French architect and writer, Manuel Tardits, longtime resident of the Japanese
capital, has proceeded with characteristic rigor and élan:
Step One: An initial academic curiosity rules, in response to a new and different
way of thinking about the city itself. Great cities of both East and West have
always balanced master plans against a patchwork of districts exposing divers
styles and time frames. By contrast, Tokyo as other offers a palimpsest.

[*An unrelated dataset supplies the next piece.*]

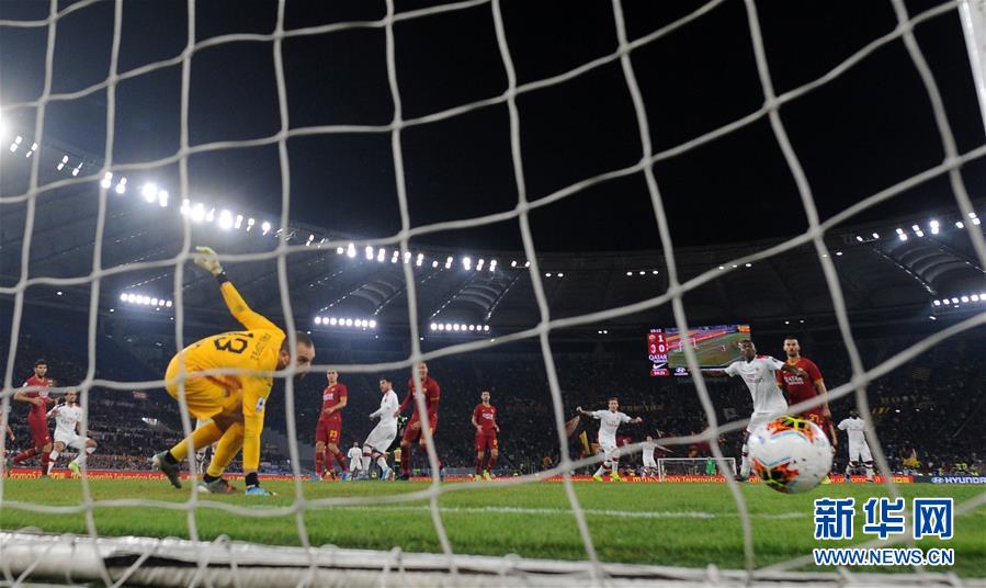 10月27日,AC米兰队球员特奥·埃尔南德斯的进球入网。 当日,在2019-2020赛季意大利足球甲级联赛第九轮比赛中,罗马队主场以2比1战胜AC米兰队。 新华社发(阿尔贝托·林格里亚摄)

Step Two: Is it even possible to understand, the multitude of cultural bias
such a metropolis presents? Or will Tokyo remain, instead, like Loti's Madam
Chrysanthemum, a succession of incomprehensibilities: apparent shamelessness,
nakedness, a city of infinite patience and yet one of virtual pornography
and disorder?
Step Three: The anthropologist takes hold, a roving eye in the city, whose fundamental
aim is to study each subtle mechanism behind an urbanism so different
from our preconceptions. And to that end, he explores and is even willing
to lose his bearings.
Final Step: Tardits treasures the freshness of an initial and astonished
encounter with this overcrowded city. Stepping back, he plots for the reader
a persistent outline amid a myriad of ephemeral urban data - one endowed
with a new sense.
Tokyo: Portraits and Fictions is an exemplary guide to Tokyo, be it for the
amateur or the professional architect or planner. Manuel Tardits presents
the essential classic "takes", as well as up-to-the-minute developments. His
achievement is an unfolding of discoveries and surprises.